A federal appeals court turned away Jan. 19 a case that sought to force the U.S. Fish and Wildlife Service to update its recovery plan for the grizzly bear. The decision cast recovery plans as being outside the scope of a federal statute’s provision allowing for petitions to amend agency rules.
The Center for Biological Diversity filed a lawsuit seeking to compel amendment of USFWS’ framework for managing Ursus arctos horribilis after the agency rejected its 2014 petition. The Center asked USFWS to expand the grizzly bear recovery area to Arizona, California, New Mexico, and Utah.
The agency denied the environmental advocacy organization’s request on grounds that an Endangered Species Act recovery plan is not a “rule” under the Administrative Procedure Act. USFWS also said that it had focused recovery efforts only on regions of the country where the animal was present in 1975, the year grizzlies were added to the list of threatened and endangered species.
A federal court in Montana upheld the agency’s decision, holding that recovery plans are not APA rules.

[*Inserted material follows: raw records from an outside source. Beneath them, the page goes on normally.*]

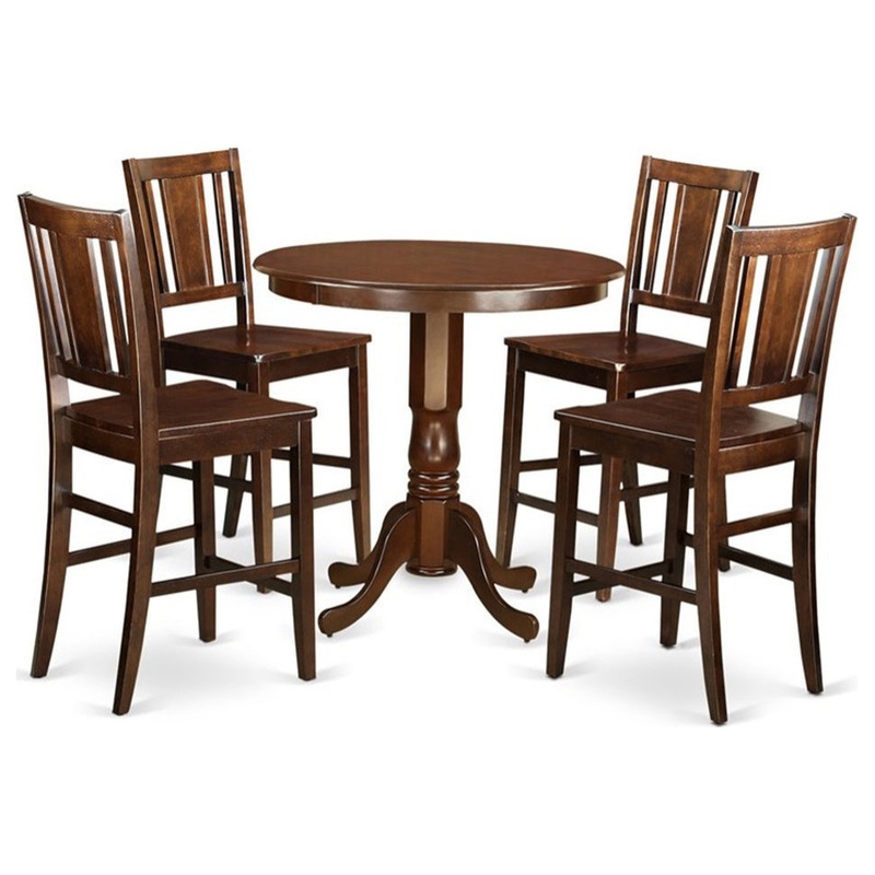 This table and chairs set with round pedestal table comprises of four chairs. All pieces are made out of Asian Hardwood (Rubberwood) in a dark Mahogany finish. The set is counter height which is ideal for entertaining or casual mealtimes and it is a perfect piece for a breakfast nook or a small dining space such as in an apartment.
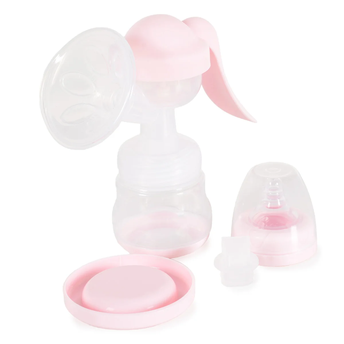Ručna pumpica za izmlazanje Cara roze boje sa ergonomskom drškom, silikonskim masažnim nastavkom i flašicom za majčino mleko, bez BPARučna pumpica za izmlazanje Cara – Roza
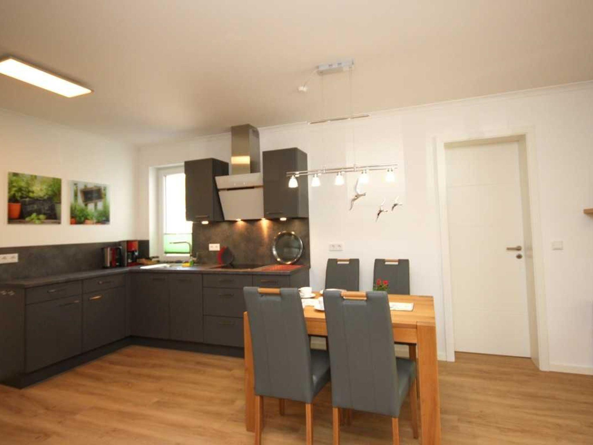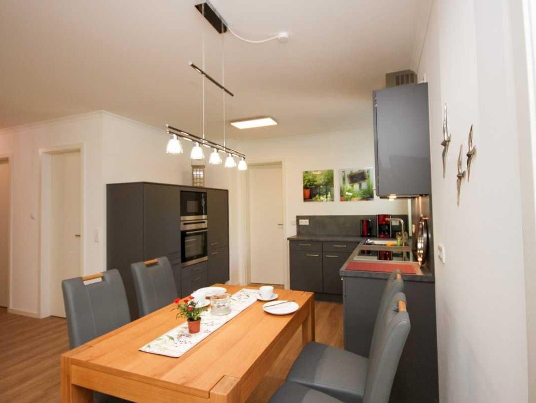 Im großzügigen Wohnbereich mit moderner offener Küche befinden sich bequeme Ledersitzmöbel, ein ausziehbarer Esstisch mit vier Stühlen , zur Unterhaltung stehen ein Flatscreen-LED-TV, ein WLAN-fähiger Blu-ray-Player sowie eine kleine HIFI-Stereoanlage zur Verfügung.
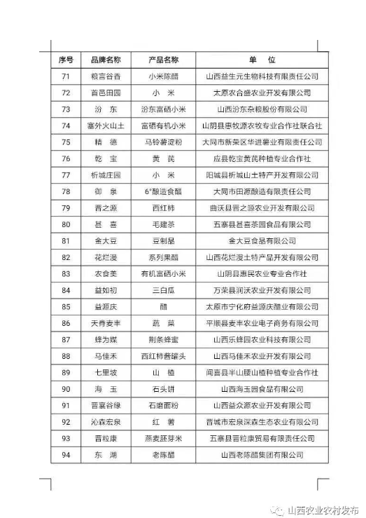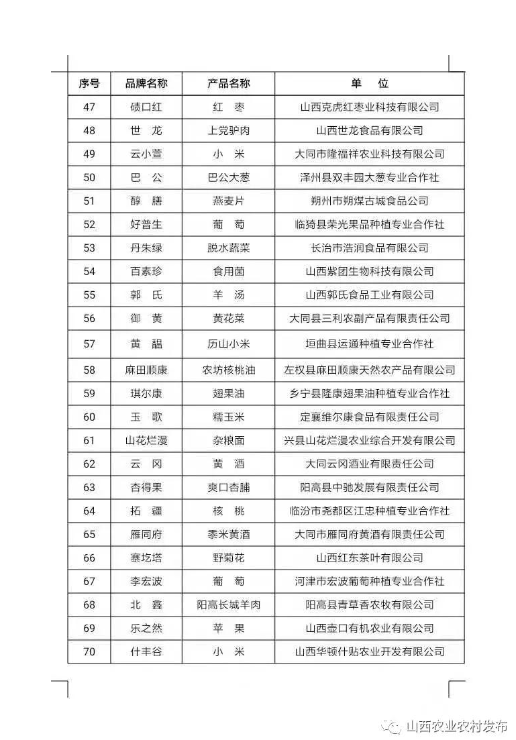 附件:擬入選2021年山西特優(yōu)農產品品牌目錄庫名單
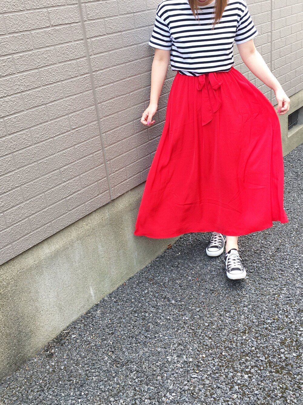 真っ赤のマキシスカート😊❤️ カジュアルにしたくて、ボーダーと コンバース🙆🎀👡
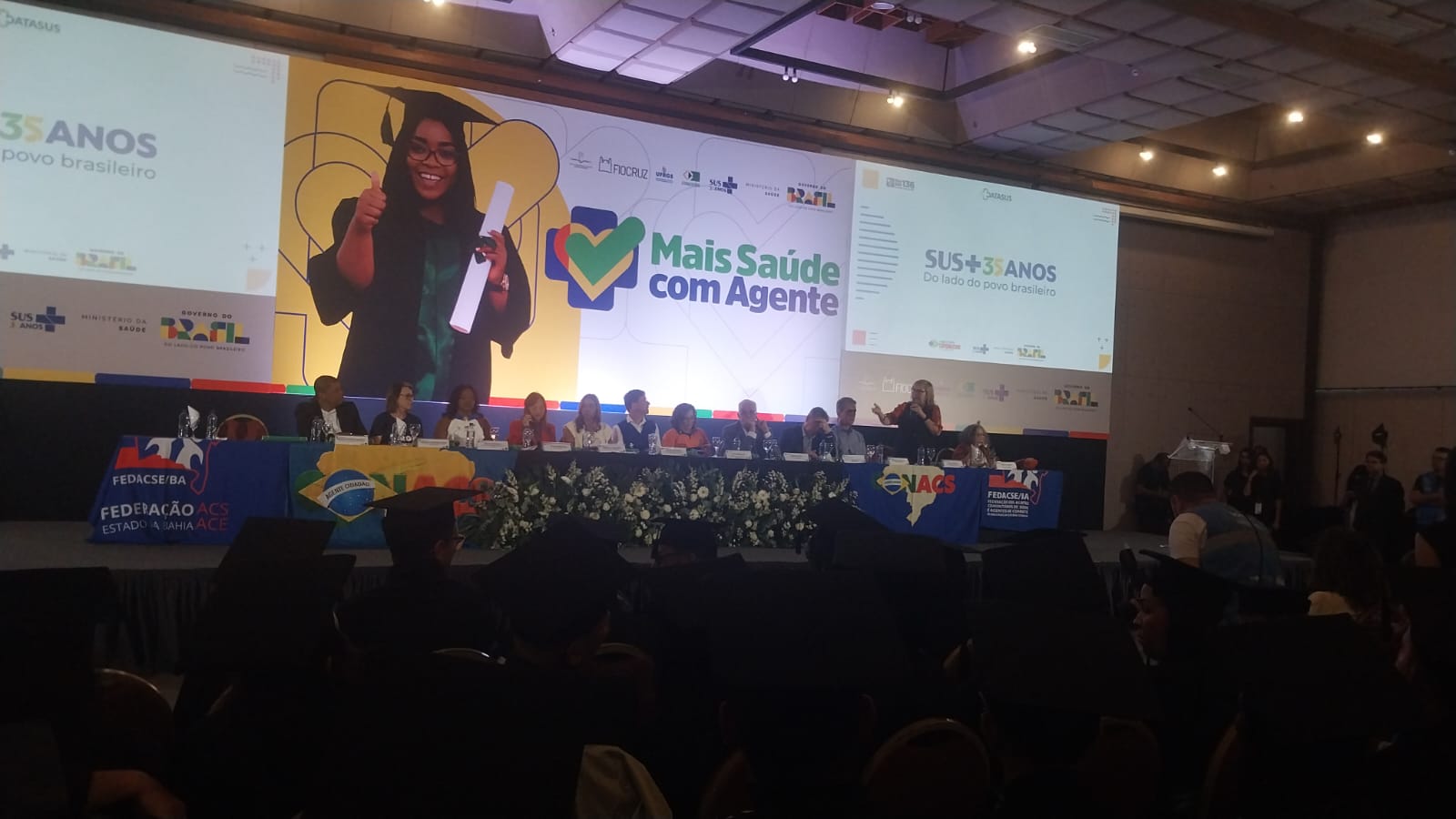 O evento aconteceu das 10h às 12h30, no Auditório do Fiesta Bahia Hotel Convention Center, no bairro do Itaigara, e celebrou a formação de 7.699 agentes baianos, que agora passam a contar com certificação técnica para atuar nos territórios do Sistema Único de Saúde (SUS).
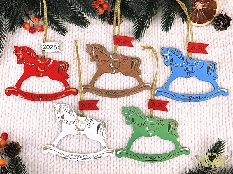 Набор ёлочных украшений "Лошадки. 2026" (11,5*8,5) Ассорти, Набор 5 шт.
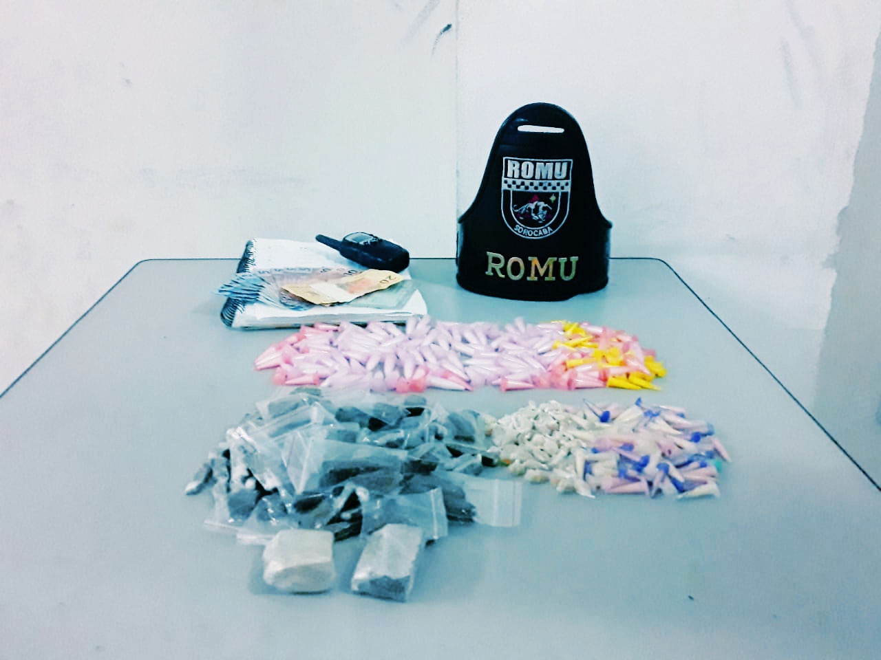 Em revista pessoal feita ao jovem foi encontrada uma pochete contendo um rádio comunicador, oito porções de maconha, 44 porções de cocaína, 19 porções de crack e R$ 87,00. Próximo ao abordado, foi localizada uma mochila contendo mais 105 porções de maconha, 106 porções de crack, 109 porções de cocaína e um caderno com marcações do comércio diário das drogas.

U.S. District Judge Dana Christensen’s Dec. 2020 decision said that ESA recovery plans do not implement law or policy.
“[T]he Center’s argument—in sum, that a recovery plan is a rule because it implements the statutory requirements for a recovery plan—is circular and therefore unpersuasive,” the court declared. “A recovery plan does not implement conservation policy because it does not, in and of itself, create change; it doesn’t put itself into effect.”
The net result of the analysis, Christensen argued, is that “the Center’s so-called ‘petition’ is simply a solicitation letter for which the Service had no legal obligation to respond (and correspondingly, its denial letter creates no rights or obligations and there is no final agency action).” As a result, the court lacked jurisdiction to order USFWS to respond to the petition.
Two judges on a panel of the U.S. Court of Appeals for the Ninth Circuit affirmed Christensen’s ruling.
“The caselaw makes plain that adoption of a recovery plan is not agency action by which rights or obligations have been determined, or from which legal consequences will flow,” wrote senior U.S. circuit judge Andrew D. Hurwitz. “The Endangered Species Act does not mandate compliance with recovery plans for endangered species.”
Hurwitz’ opinion was joined by Judge Danny J. Boggs of the U.S. Court of Appeals for the 6th Circuit.
Judge Jennifer Sung, who joined the court last year, dissented.
USFWS first issued a recovery plan for U. arctos horribilis in 1982. The agency updated it in 1993, but not since.